Catarina Alves Costa
Filmmaker and anthropologist Catarina Alves Costa was born at 1967. She has a BA in social anthropology from the University of Lisbon (1990) and an MA in visual anthropology (Granada Centre, University of Manchester, 1992). Since 1997 she has worked as a teacher in visual anthropology and documentary film in Lisbon. She is also co-founder of the production company Laranja Azul, where she works as a producer and director of creative documentaries. From 1995 to 2000 she worked in the Film Archives of the National Ethnological Museum doing research and production of documentary films for exhibitions (mostly about Africa and Timor).
High Rise

Director: Gabriel Mascard; release: 2009; length: 75 minutes
Link to trailerHigh Rise presents an analysis of the dominant Brazilian classes through a dialogue with the inhabitants of eight penthouse apartments in Rio de Janeiro, Sao Paulo and Recife. During the film, penthouse residents open up their homes to reveal their thoughts on social inequality, politics, and the world that surrounds them, as well as discussing more intimate subjects such as their desires, dreams, conflicts, insecurities, prejudices and personal histories. Through these dialogues and a poetic visual and sound narrative, the film explores the social and cultural mindset of the elite, and the phenomenon of the ‘verticalisation’ of the Brazilian cityscape. High Rise is a film about height, status and power and provides an opportunity to question and challenge the elite in a way that has never been done before in Brazilian cinema.
Gabriel Mascard
Gabriel Mascaro graduated in Social Communications from the Federal University of Pernambuco, Recife, Brazil. He began his career working with video art and new media and has worked as assistant to big Brazilian film names such as Marcelo Gomes (Cinema, Aspirins and Vultures - Cannes 2005) and Cláudio Assis (Bog of Beast – Tiger Award, Rotterdam 2007). In 2008, Gabriel launched his first documentary feature film The Beetle KFZ-1348. High Rise is Gabriel’s second feature film.

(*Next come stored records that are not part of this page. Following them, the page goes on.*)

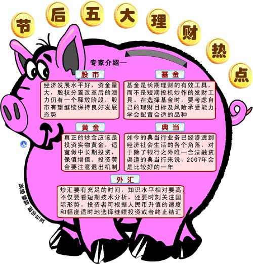 辭舊迎新的時節(jié),基金公司忙著分紅,保險公司急著推出新產(chǎn)品,銀行的人民幣理財產(chǎn)品更是拉開陣勢搞促銷。剛剛享受過2006年紅紅火火的理財經(jīng)歷,使得人們在走親訪友、恭賀農(nóng)歷新年之余,也大都開始悄悄地為自己謀劃新年的“發(fā)財計(jì)劃”。
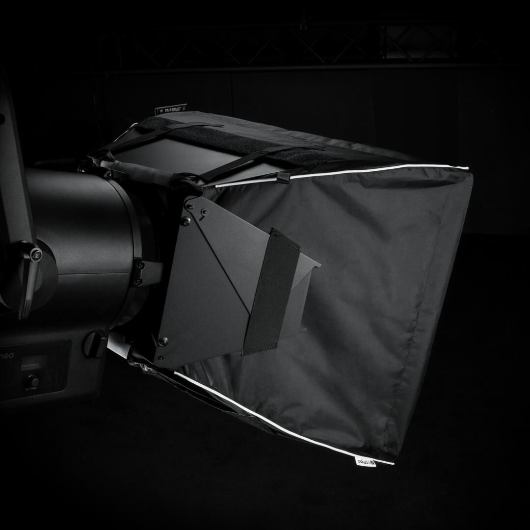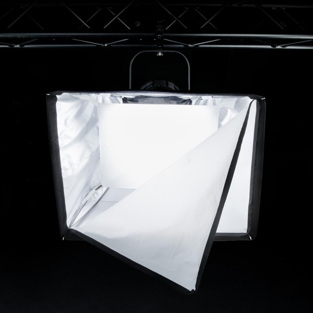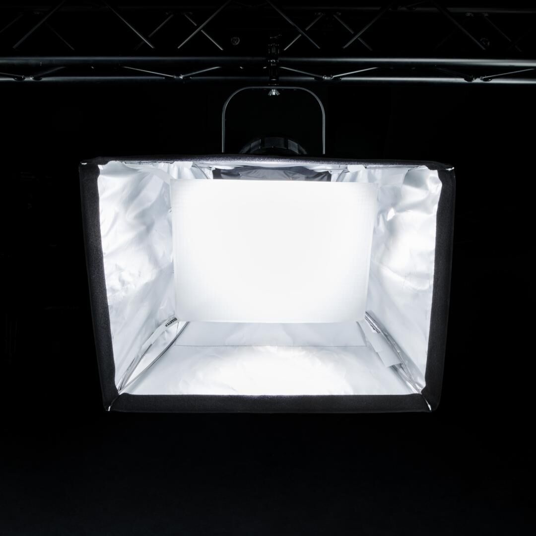 Die Konstruktion kombiniert ein robustes, wetterbeständiges Obermaterial mit formstabilen Metallverstrebungen. Dadurch sitzt die Softbox sicher, bleibt in Form und ist für den Touring-Alltag ebenso geeignet wie für Festinstallationen. Die stark reflektierenden Innenflächen steigern die Effizienz des Scheinwerfers und sorgen für eine gleichmäßige Ausleuchtung ohne Hotspots – ein Vorteil bei Nahaufnahmen und Hauttönen.
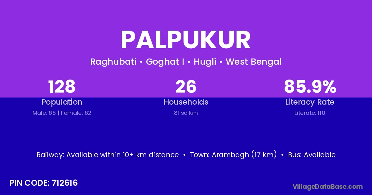Arambagh (17 km) is the nearest town to Palpukur village for major economic activities and is located approximately 17 km away.
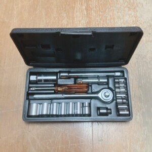お預かりしたソケットレンチセットは、ハードケースに擦れや小キズが見られ、外箱も角に擦れがあるなど使用感が確認できました。 一方で、ケース内部の工具は大きな欠品がなく、ラチェットハンドル・エクステンション・各種ソケットが揃っている状態でした。 金属部には保管に伴う細かな曇りはあるものの、著しいサビや割れ、破損は見受けられず、実用面では十分使用可能と判断しました。
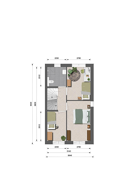 De eerste verdieping van deze woning heeft drie slaapkamers en een badkamer met een douche, een wastafel en een tweede wandcloset. Wil je iets wijzigen op de verdieping? Er is veel mogelijk! Op zolder staan de technische installaties. In de ruimte waar de aansluiting van de wasmachine is, zou je ook opbergkasten en een strijkplank kwijt kunnen. Daarnaast kun je optioneel kiezen voor bijvoorbeeld nog twee extra slaapkamers.
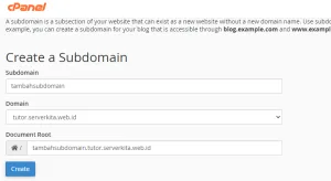 • Pada kolom pertama masukkan nama domain subdomain yang ingin anda buat.
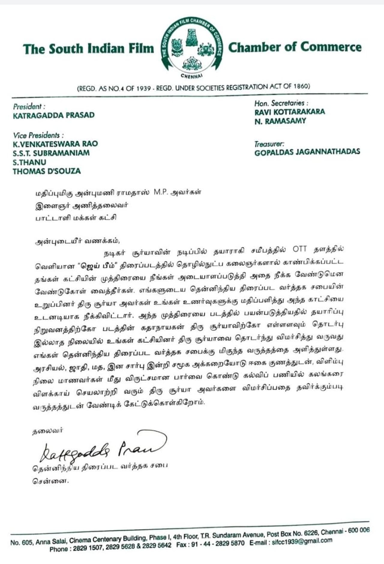 இந்த விஷயத்தில் திரையுலகம் அமைதியாக இருப்பதாகவும் பலர் விமர்சித்தனர். இந்நிலையில் தென்னிந்திய திரைப்பட வர்த்தகச் சபை தலைவர் கட்ரகாட்டா பிரசாத், பாமக இளைஞரணி தலைவர் அன்புமணி ராமதாஸுக்கு எழுதியுள்ள கடிதத்தில், “நடிகர் சூர்யாவின் நடிப்பில் தயாராகி சமீபத்தில் ஓடிடி தளத்தில் வெளியான ‘ஜெய்பீம்’ திரைப்படத்தில் தொழில்நுட்பக் கலைஞர்களால் காண்பிக்கப்பட்ட தங்கள் கட்சியின் முத்திரையை நீங்கள் அடையாளப்படுத்தி அதை நீக்க வேண்டும் என வேண்டுகோள் வைத்தீர்கள். எங்களுடைய தென்னிந்திய திரைப்பட வர்த்தகச் சபையில் உறுப்பினர் சூர்யா, உங்கள் உணர்வுகளுக்கு மதிப்பளித்து அந்தக் காட்சியை உடனடியாக நீக்கிவிட்டார்.

Alongside the film’s launch Gabriel is finalizing his third feature film Charming Brasilia Avenue.
20:00
Constantin and Elena

Director: Andrei Dascalescu; release: 2008; length: 102 minutes
In a Romanian village, an elderly couple has been happily married for almost 55 years. Constantin and Elena know that life must end, but are happy with everything that they've had. They fill their days with chores in and around the house, going to church and receiving welcome visitors, not to mention a catnap every now and then. Everything that these two old lovebirds do goes slowly: from helping each other get dressed and climb ladders to weaving Elena's beautiful tapestries. Often they sing old Romanian songs at the tops of their voices, or Constantin's old battle songs from his army days. A cinematic, observational, sometimes voyeuristic look at a way of life and at two lives, both almost extinct.
Andrei Dascalescu
Andrei started as a radio DJ in his hometown during his teenage years. He then moved to Bucharest to study sound and editing at the Film University. At the same time he worked as a freelance editor and sound engineer for BBC Romania, and on many films including Francis Ford Coppola's Youth Without Youth, as assistant to the legendary editor Walter Murch. He produced and directed the award-winning short feature Fly, then made his documentary debut with Constantin and Elena.